Finalement, prétendre que vous n’accordez aucune importance au concept de vie privée parce que vous n’avez rien à cacher n’est pas très différent que d’affirmer que vous n’avez que faire de la liberté d’expression parce que vous n’avez rien à dire, ou que la liberté de culte vous indiffère puisque vous ne croyez pas en Dieu, ou encore que vous vous moquez éperdument de la liberté de réunion parce que vous êtes agoraphobe, paresseux et anti-sociable. Si cette liberté ne représente peut-être pas grand-chose pour vous aujourd’hui, cela ne veut pas dire qu’elle ne représentera toujours rien demain.

 

 

Aie pitié de ces pauvres gens, me disais-je, ils sont gentils et innocents - ce sont des victimes surveillées par le pouvoir, tenue à l’œil par les mêmes écrans qu’elles idolâtrent.

 

 

Je suis persuadé que l’on ne peut juger de la liberté d’un pays qu’à la façon dont y sont respectés les droits de ses ressortissants lesquels délimite le pouvoir de l’état

 

 

Le père essayait de lire quelque chose, mais le gosse passait son temps à gigoter, à appuyer sur les touches du clavier et à glousser. Le micro interne de l’ordinateur captait son petit rire et j’étais là, à l’écouter avec des écouteurs. Le père a resserré sa prise sur l’enfant qui s’est redressé et, avec ses sombres yeux en demi-lune, il a regardé directement vers la webcam de l’ordinateur — je n’ai pas pu m’empêcher d’avoir le sentiment que c’était moi qu’il regardait. Je me suis soudain rendu compte que je retenais mon souffle. J’ai fermé la session, je me suis arraché à l’ordi et j’ai quitté le bureau pour gagner les toilettes dans le couloir, la tête baissée, les écouteurs toujours sur mes oreilles avec le câble qui pendouillait.

 

 

Mario se trouve confronté à ce que dans le jargon des jeux vidéo on appelle « un mur invisible ». En effet il ne peut pas revenir en arrière, il est condamné à aller de l’avant. Idem pour Luigi, son frère, et idem pour vous et moi. La vie ne défile que dans un sens, celui de la temporalité, et nous aurons beau aller très loin, ce mur invisible sera toujours derrière nous, il nous coupera du passé et nous poussera vers l’inconnu.

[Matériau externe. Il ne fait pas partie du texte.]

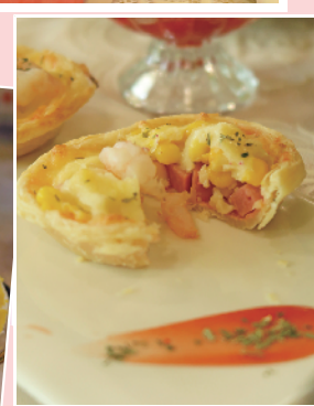
这款酥酥蛋挞上面是虾,里面是芝士、火腿和玉米,是下午茶套餐里会搭配的咸蛋挞,和其他甜品中和一下。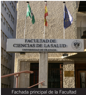
Fachada principal de la Facultad

Líneas: Acceso la Facultad: líneas 1 y 33.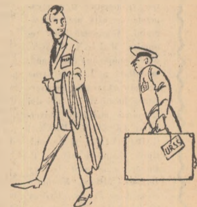
— Nu vă supărați?! Ce aveți în geamantan, de e așa greu? — Locul întii pe națiuni!!!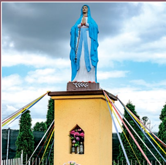
Kapliczka w Moczydłach Kapelle in Moczydła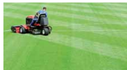
Schon nach kurzer Zeit belastbar

Sie profitieren von bester Qualität und kurzen Lieferzeiten.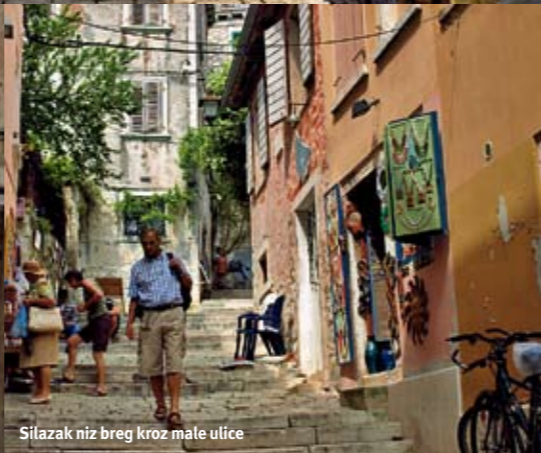
Silazak niz breg kroz male ulice

važnijih događaja u gradu, dok otkucaji sata na njegovom tornju i dalje odzvanjaju u ritmu svakodnevice. Trg se poput levka otvara prema gradskoj luci Sv. Katarine , gde su usidrene brojne tradicionalne barke - batane, kao i turistički brodovi koji turistima nude obilazak okolnih ostrva i grada sa mora. Danas se na trgu okupljaju mnogobrojni turisti koji ovde planiraju svoje dalje obilaske, dok Rovinjani uživaju u međusobnim razgovorima u okolnim kafanama... Tokom leta se na trgu održavaju razni koncerti i predstave, povorke i performansi, tako da je uvek živo i veselo.

Il faut bien qu’un petit garçon qui vit en Caroline du Nord dans les années 1980 comprenne qu’il mourra un jour, alors pourquoi ne pas l’apprendre auprès de deux frères plombiers d’origine italienne, qui adorent les champignons vénéneux?

 

 

Les excès auxquels nous risquions d’assister en matière de surveillance s’accumulaient dans mon esprit et laissaient présager un avenir effrayant. Un monde dans lequel tous seraient surveillés en permanence deviendrait un monde dans lequel les ordinateurs nous obligeraient, automatiquement, à respecter la moindre loi.